● Raw data
⟨

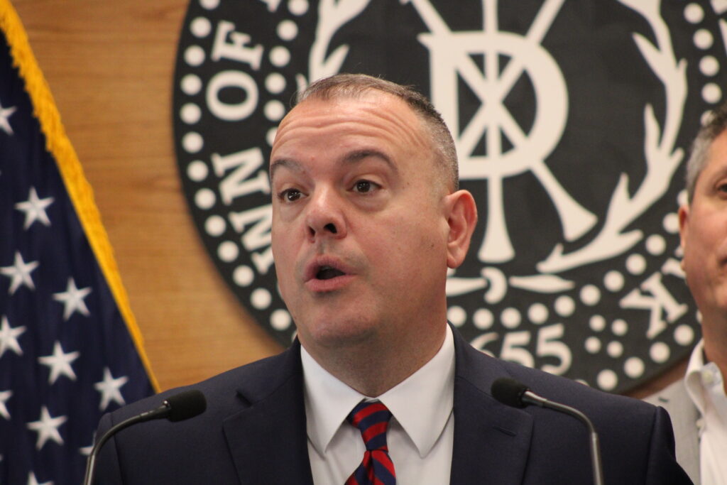 “Verizon has been resistant to coming into the Town of Brookhaven for a variety of reasons, predominately the size,” said Town Supervisor Dan Panico (R-Center Moriches) at Town Hall, joined by the entire six-member Town Council. Brookhaven is the largest municipality in the entire state by total area, encompassing about 259.43 square miles of land and another 272.11 square miles of water.
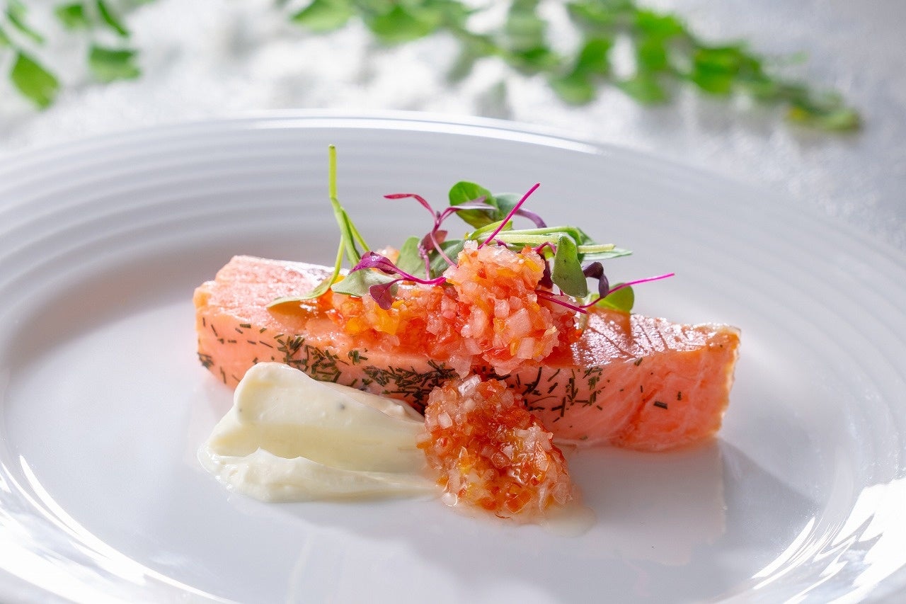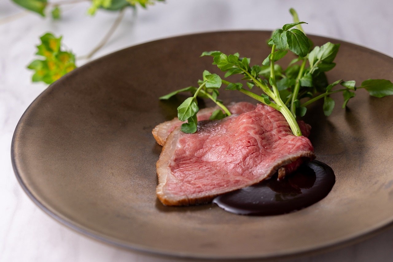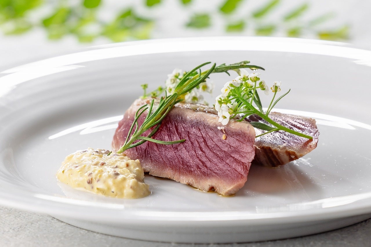 フレンチの技が光る“ミ・キュイ仕立て”の鮪は、レア感と香ばしさのいいとこどり。表面は香ばしくグリルしながら、中はとろりとした舌ざわり。素材の魅力を最大限に引き出した夏のごちそうです。
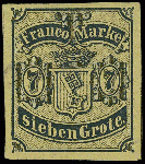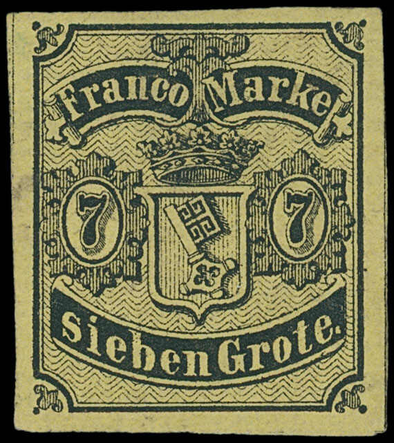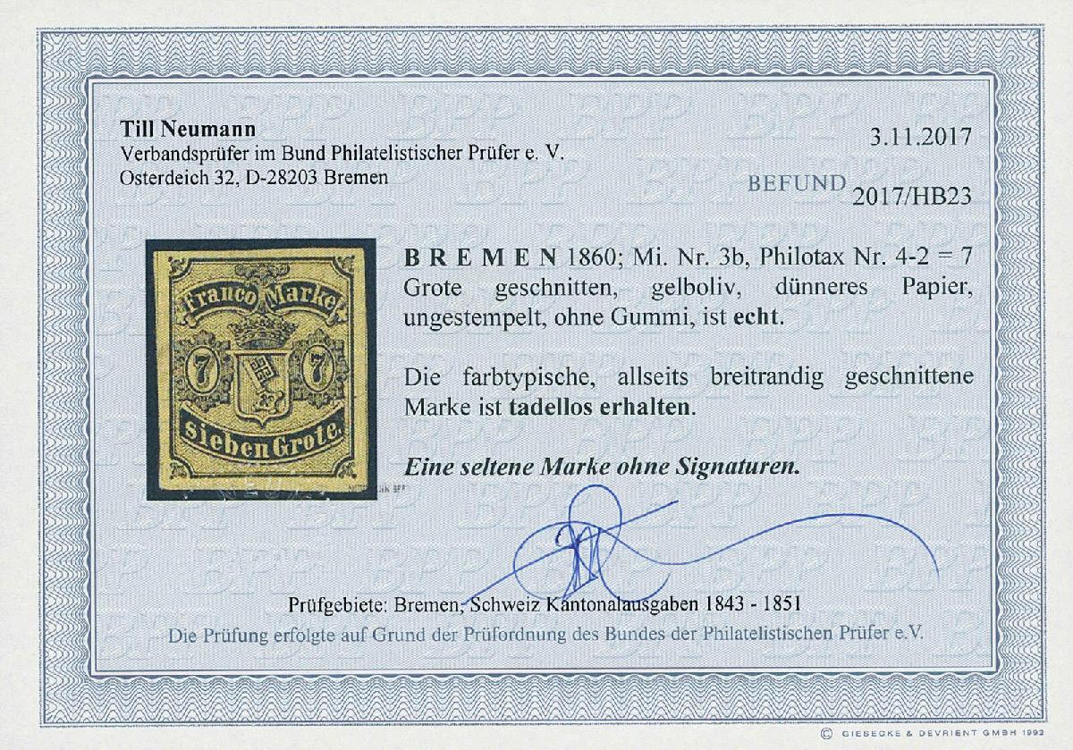 | Zusatzinformationen und Suchstichworte: | 3. Sellschopp Auktion Auktionstermin: 11. Juni 2022 Los 111 Altdeutschland Bremen 1860, 7 Grote geschnitten, schwarz auf gelboliv, dünneres Papier, farbfrisch und allseits breitrandig, ungebraucht ohne Gummi, tadellos. Eine seltene Marke. Fotobefund Till Neumann BPP. Mi. 600+ Zuschlag 1.200,00 EUR |
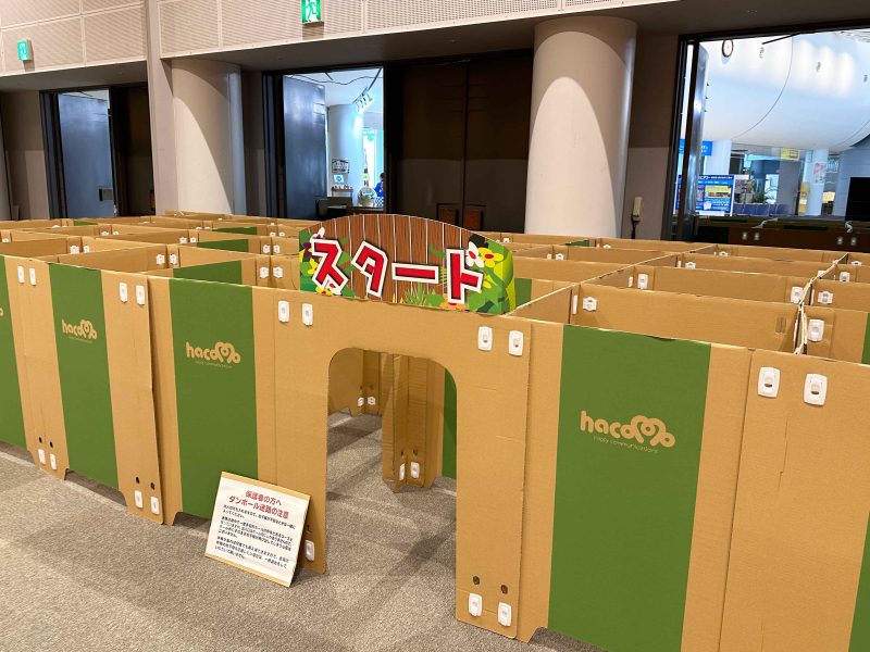 ダンボール迷路は人気アトラクションの一つ。子どもにとっては意外と難しい?保護者の声援をもらって、頑張る子どもたちがかわいいです。

⟩

● Exercise directions
Retype each line above precisely, please. Skip anything that is a picture.

● Answer box
 “Verizon has been resistant to coming into the Town of Brookhaven for a variety of reasons, predominately the size,” said Town Supervisor Dan Panico (R-Center Moriches) at Town Hall, joined by the entire six-member Town Council. Brookhaven is the largest municipality in the entire state by total area, encompassing about 259.43 square miles of land and another 272.11 square miles of water.
 フレンチの技が光る“ミ・キュイ仕立て”の鮪は、レア感と香ばしさのいいとこどり。表面は香ばしくグリルしながら、中はとろりとした舌ざわり。素材の魅力を最大限に引き出した夏のごちそうです。
 | Zusatzinformationen und Suchstichworte: | 3. Sellschopp Auktion Auktionstermin: 11. Juni 2022 Los 111 Altdeutschland Bremen 1860, 7 Grote geschnitten, schwarz auf gelboliv, dünneres Papier, farbfrisch und allseits breitrandig, ungebraucht ohne Gummi, tadellos. Eine seltene Marke. Fotobefund Till Neumann BPP. Mi. 600+ Zuschlag 1.200,00 EUR |
 ダンボール迷路は人気アトラクションの一つ。子どもにとっては意外と難しい?保護者の声援をもらって、頑張る子どもたちがかわいいです。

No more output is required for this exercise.